Married Friends

A reader asked for a post about married friends a few months ago, and I’m excited to finally dive into this topic which for some reason has never made it into a post in my four years of blogging!

 

One of my first posts was about engaged friends (the story behind that is that my childhood BFF got engaged at 21 and it was extremely disorienting and disconcerting to me and I knew when I started my blog that I wanted to revisit that and share empathy with anyone going through the same experience), but in actuality, most of my close friends were single at the time I started my blog. A number of my friends got married since then but I think because we were “single together” for awhile before their weddings (my closest friends were 24, 25, and 26 when they got married), my relationship with each of them was in a place where their marriages didn’t really get in the way of our closeness.

 

Every so often, someone writes a letter or an article in a frum magazine about being “dropped” by married friends. Maybe I haven’t addressed this in any post because…it never happened to me, probably for the above-mentioned reason — my friendships were very deep, we had shared a lot between us, and there was no way a ring and a wig were getting between us. I’d be remiss if I didn’t tell you that honestly before sharing my thoughts.

 

Friendships can wax and wane over time. Different people need different things from their friendships at different times. Sometimes there is a mismatch in the interest level between two friends and that is sad for the friend who wants the relationship to remain at one level when the other friend wants it less. But the reality is that this happens. Even when friends drop friends — it’s not the kindest and most thoughtful thing to do but it is a possibility — so many things go on behind the scenes of our friends’ lives and we often don’t really know what makes them do what they do.

 

We don’t always realize that the loss of a friendship or a significant change in a relationship leads to grief — not only for the friendship but for what it represents in our lives — but it does. And I think that the most helpful thing someone can do for themselves in a situation like this is acknowledge the pain and go through a grieving process. Anger is a part of grief and I think that’s where the letters to the editor are coming from. But that’s only one piece of the grieving process, and letters to the editor are unlikely to change the fact that friendships wax and wane.

 

That being said…

 

I’ve certainly experienced the shift from one day to the next that happens when a friend puts on a shaitel. Yes, there is an elephant in the room. She is married, with all that that means on every level. And it can be awkward. Such is life.

 

What’s really helpful is when your friendship is such that you can communicate about the elephant in the room, or communicate about not being able to communicate about the elephant in the room.

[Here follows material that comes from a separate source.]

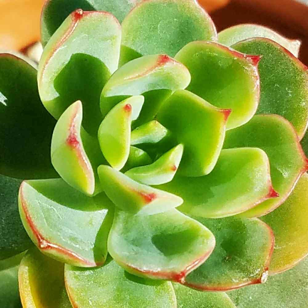 エケベリア ハッピー。ふちが赤くなって可愛くなりました。…足元は子沢山でどうしましょうって感じになってますけどw

And those friendships, I believe, are the ones that weather a friend’s marriage. Friendships between two people who have grown enough in the context of their relationship to be able to clearly communicate, to deal with discomfort in a mature, respectful way…these are the friendships with the elasticity and the bandwidth and the adaptiveness to reconfigure themselves between two people of differing marital statuses. And I will be honest, I think for a lot of people, these friendships come with age — not exclusively, but it’s simply more likely to me that where two 20-year-olds are lost, two 27-year-olds are much more comfortable.

 

So it seems that after writing all this, I don’t actually have advice, only observations. I think friendships that can last will last. I  think friendships that aren’t meant to be anymore, or for a time, will come apart. I think we need to grieve what ends and continue to develop ourselves as people so we have the capacity for deep and adaptive relationships at every stage. And finally, I think it’s important not to blame anyone, including yourself, when friendships change or end. Such is life. At the end of the day, it is always only us and G-d. And my hope is that I always remember that, too.